- _WHAT THIS TASK INVOLVES_: Could you repeat every line below exactly, skipping the images?

- _DATASET CONTENT_:
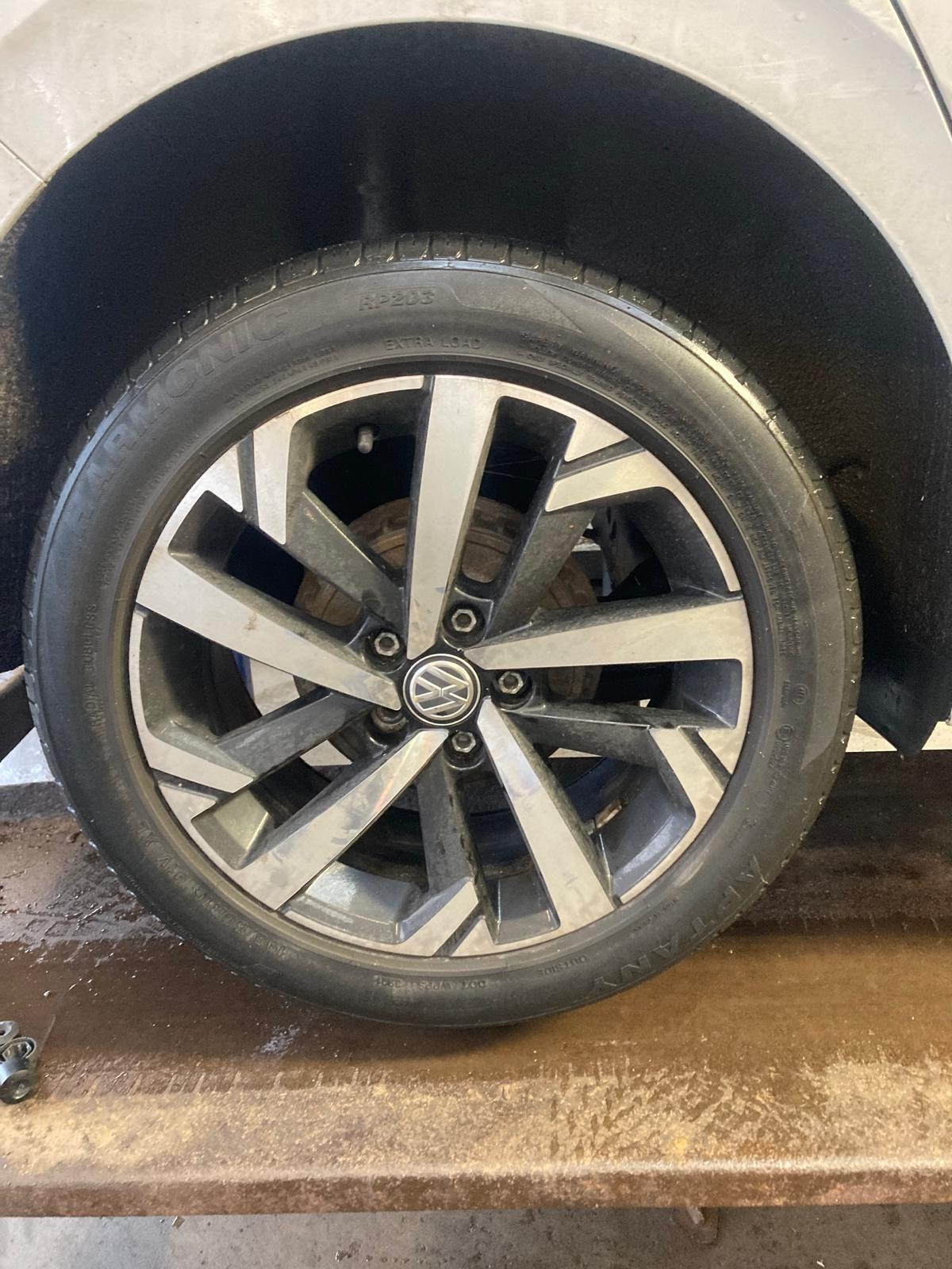 This white VW Golf is a good example of how we like to work at Pellon Tyres. The customer didn’t have an appointment – she simply pulled in for a free tyre check. We popped the car on the ramp, checked all four tyres, and then talked through the options.
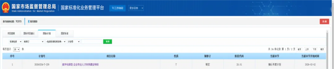 2026年2月2日,国家标准化管理委员会下达推荐性国家标准计划,由全国两化融合标委会数字化转型标准工作组归口管理,北京国信数字化转型技术研究院牵头研制的《数字化转型 企业专业人才体系建设导则》(计划号:20260334-T-339)国家标准正式获准立项。
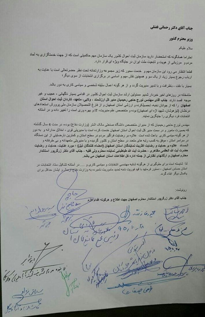 اما نمایندگان استان در ادامه خطاب به وزیر کشور تأکید کردهاند: «شایسته است برای جلوگیری از هرگونه شائبه مهندسی انتخابات و سیاسی کاری و .. در آستانه تشکیل ستاد انتخابات در استان حساس اصفهان دستور فرمایید با قید فوریت نامه تمدید ماموریت نامبرده به وزارت دفاع ارسال و ایشان حداقل برای یک سال دیگر ابقا گردد.»

- _SOLUTION TO THE EXERCISE_:
 This white VW Golf is a good example of how we like to work at Pellon Tyres. The customer didn’t have an appointment – she simply pulled in for a free tyre check. We popped the car on the ramp, checked all four tyres, and then talked through the options.
 2026年2月2日,国家标准化管理委员会下达推荐性国家标准计划,由全国两化融合标委会数字化转型标准工作组归口管理,北京国信数字化转型技术研究院牵头研制的《数字化转型 企业专业人才体系建设导则》(计划号:20260334-T-339)国家标准正式获准立项。
 اما نمایندگان استان در ادامه خطاب به وزیر کشور تأکید کردهاند: «شایسته است برای جلوگیری از هرگونه شائبه مهندسی انتخابات و سیاسی کاری و .. در آستانه تشکیل ستاد انتخابات در استان حساس اصفهان دستور فرمایید با قید فوریت نامه تمدید ماموریت نامبرده به وزارت دفاع ارسال و ایشان حداقل برای یک سال دیگر ابقا گردد.»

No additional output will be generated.